What is expected
Each line of the data must reappear exactly in your answer, with no images included.

[Data for this task — start]

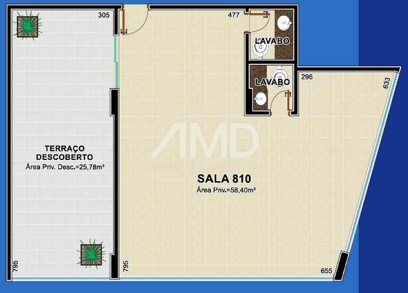 A Sala 810 destaca-se pela sua generosa área total de 84,18m², divididos em 58,40m² de área coberta e um valioso 25,78m² de área descoberta. Este espaço é preparado e ideal para ser uma clínica ou uma empresa que comporta um número maior de funcionários, oferecendo a versatilidade que seu crescimento exige:
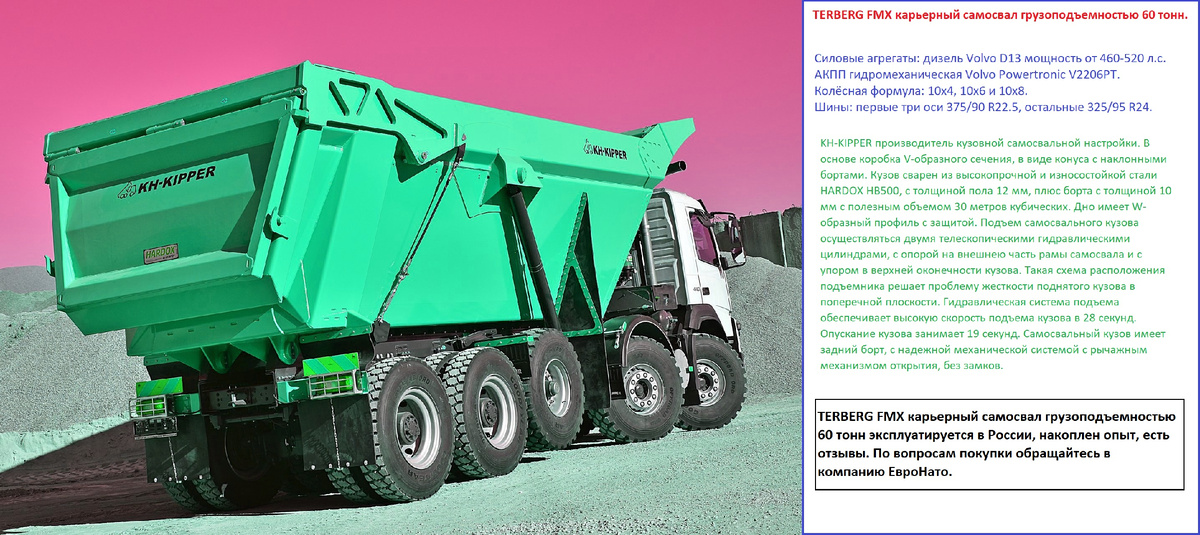 Карьерные внедорожные самосвалы TERBERG на шасси VOLVO FMX являются лучшими, это самые надежные, выносливые и самые эффективные грузовые машины на рынке самосвальной техники как Европы, так и России. Это усиленные версии самосвалов с жесткой рамой VOLVO FMX, доработанные для повышения эффективности работы в карьерных условиях, думпер скаловоз TERBERG FMX 10х4 это самосвал, находящийся в промежутке между карьерным двухосным самосвалом и самосвалом на шарнирной раме. Благодаря 5-и осям, и гидромеханической автоматической АКПП, самосвал может перевозить 60 тонн горной массы в условиях крутонаклонных карьеров. Компания поставляет на рынок России как новые, так б/у самосвалы Терберг, в том числе пятиосные новые тяжелые 60-тонные самосвалы TERBERG FMX 10х4. У нас самые лучшие цены, выгодные условия лизинга, мы продаем карьерные самосвалы TERBERG FMX оформленные как специальный карьерный транспорт ПСМ, возможна поставка шасси TERBERG FMX с приводом колёс 6х6, 8х6, и 10х8 для установки в Москве самосвального кузова. Оказываем услуги подбора, покупки и поставки самосвалов TERBERG в Россию, услуги под ключ включая таможенное оформление, получение ПТС или ПСМ, уплата всех налогов полностью. Оформляем одобрение типа транспортного средства ОТТС на ПШТС, услуги таможенного оформления шасси грузовиков Терберг для производства самосвалов, получение разрешений и сертификатов на давальческое базовое шасси с документами ПШТС (паспорт шасси транспортного средства), выдача ЕПТС ЕПСМ таможня разобранных грузовых автомобилей конструкторов под ПШТС, сборка регистрация получение документов НАМИ, расчет таможни, стоимость утилизационного сбора на шасси и готовый самосвал TERBERG FMX, куда платить налоги, сделать ОТТС СБКТС свидетельство о безопасности конструкции транспортного средства, услуги оформления таможенной декларации, как избежать двойного налогообложения при таможне самосвалов TERBERG FMX в Казахстане при ввозе шасси самосвального типа для постройки карьерных самосвалов TERBERG FMX. Ремонт и поставка запасных частей на самосвалы TERBERG.
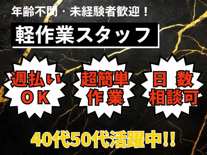 求めている人材 <こんな方におすすめ!> ・体を動かすのが好きな方 ・軽作業・清掃・内装補助などの経験を活かしたい方 ・建築・内装・リフォーム業界に興味のある方 ・短期でしっかり稼ぎたい方 ・安定して働きたい中高年・シニアの方 \20代〜50代まで幅広く活躍中!/ 未経験から始めた方が多数定着しています!
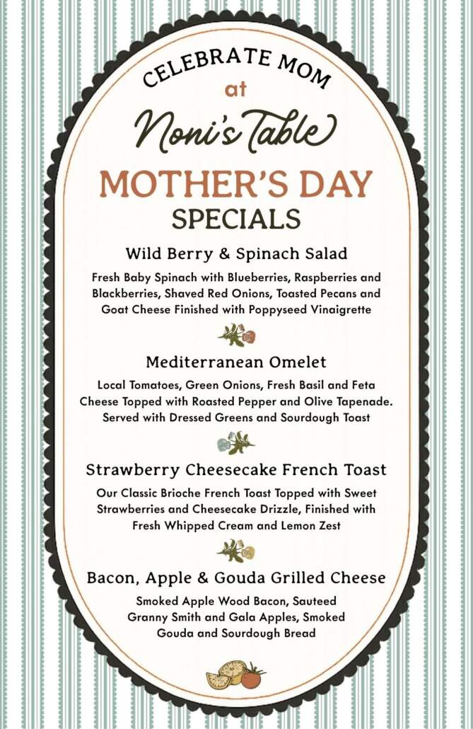 This Mother’s Day, join us at Noni’s Table for a thoughtfully crafted menu, cozy café favorites, and relaxing views overlooking the greens. Make your reservations here: bit.ly/48UgdQt.
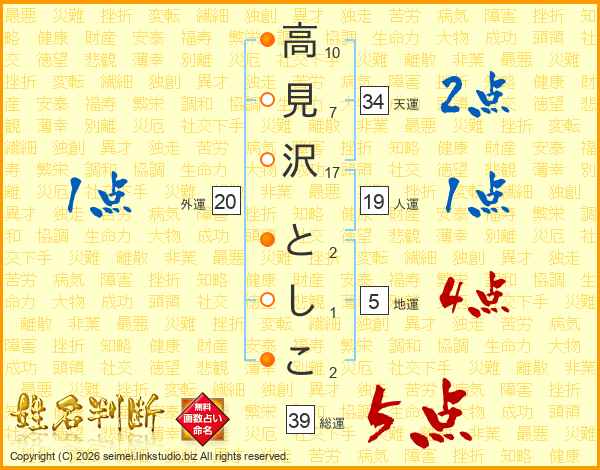 高(10画)見(7画)沢(17画) と(2画)し(1画)こ(2画)
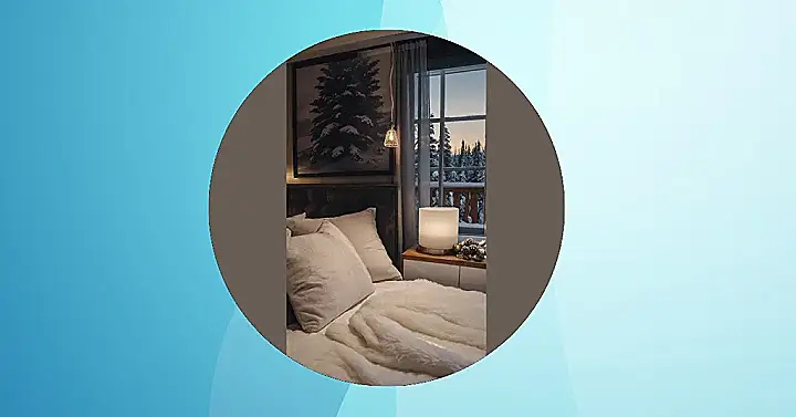 This bedroom looks like the perfect place to curl up with a good book on a snowy day. The fluffy blanket and soft pillows invite you to relax, while the picture of the snow-covered forest makes you feel like you’re right in the middle of a winter wonderland. The warm lights add to the cozy atmosphere, and the little touches of winter decor, like the pine cones and the fuzzy throw, make it feel extra special. You can almost hear the gentle sound of snow falling outside as you snuggle in for the night!

[Data for this task — finish]

Exercise answer
 A Sala 810 destaca-se pela sua generosa área total de 84,18m², divididos em 58,40m² de área coberta e um valioso 25,78m² de área descoberta. Este espaço é preparado e ideal para ser uma clínica ou uma empresa que comporta um número maior de funcionários, oferecendo a versatilidade que seu crescimento exige:
 Карьерные внедорожные самосвалы TERBERG на шасси VOLVO FMX являются лучшими, это самые надежные, выносливые и самые эффективные грузовые машины на рынке самосвальной техники как Европы, так и России. Это усиленные версии самосвалов с жесткой рамой VOLVO FMX, доработанные для повышения эффективности работы в карьерных условиях, думпер скаловоз TERBERG FMX 10х4 это самосвал, находящийся в промежутке между карьерным двухосным самосвалом и самосвалом на шарнирной раме. Благодаря 5-и осям, и гидромеханической автоматической АКПП, самосвал может перевозить 60 тонн горной массы в условиях крутонаклонных карьеров. Компания поставляет на рынок России как новые, так б/у самосвалы Терберг, в том числе пятиосные новые тяжелые 60-тонные самосвалы TERBERG FMX 10х4. У нас самые лучшие цены, выгодные условия лизинга, мы продаем карьерные самосвалы TERBERG FMX оформленные как специальный карьерный транспорт ПСМ, возможна поставка шасси TERBERG FMX с приводом колёс 6х6, 8х6, и 10х8 для установки в Москве самосвального кузова. Оказываем услуги подбора, покупки и поставки самосвалов TERBERG в Россию, услуги под ключ включая таможенное оформление, получение ПТС или ПСМ, уплата всех налогов полностью. Оформляем одобрение типа транспортного средства ОТТС на ПШТС, услуги таможенного оформления шасси грузовиков Терберг для производства самосвалов, получение разрешений и сертификатов на давальческое базовое шасси с документами ПШТС (паспорт шасси транспортного средства), выдача ЕПТС ЕПСМ таможня разобранных грузовых автомобилей конструкторов под ПШТС, сборка регистрация получение документов НАМИ, расчет таможни, стоимость утилизационного сбора на шасси и готовый самосвал TERBERG FMX, куда платить налоги, сделать ОТТС СБКТС свидетельство о безопасности конструкции транспортного средства, услуги оформления таможенной декларации, как избежать двойного налогообложения при таможне самосвалов TERBERG FMX в Казахстане при ввозе шасси самосвального типа для постройки карьерных самосвалов TERBERG FMX. Ремонт и поставка запасных частей на самосвалы TERBERG.
 求めている人材 <こんな方におすすめ!> ・体を動かすのが好きな方 ・軽作業・清掃・内装補助などの経験を活かしたい方 ・建築・内装・リフォーム業界に興味のある方 ・短期でしっかり稼ぎたい方 ・安定して働きたい中高年・シニアの方 \20代〜50代まで幅広く活躍中!/ 未経験から始めた方が多数定着しています!
 This Mother’s Day, join us at Noni’s Table for a thoughtfully crafted menu, cozy café favorites, and relaxing views overlooking the greens. Make your reservations here: bit.ly/48UgdQt.
 高(10画)見(7画)沢(17画) と(2画)し(1画)こ(2画)
 This bedroom looks like the perfect place to curl up with a good book on a snowy day. The fluffy blanket and soft pillows invite you to relax, while the picture of the snow-covered forest makes you feel like you’re right in the middle of a winter wonderland. The warm lights add to the cozy atmosphere, and the little touches of winter decor, like the pine cones and the fuzzy throw, make it feel extra special. You can almost hear the gentle sound of snow falling outside as you snuggle in for the night!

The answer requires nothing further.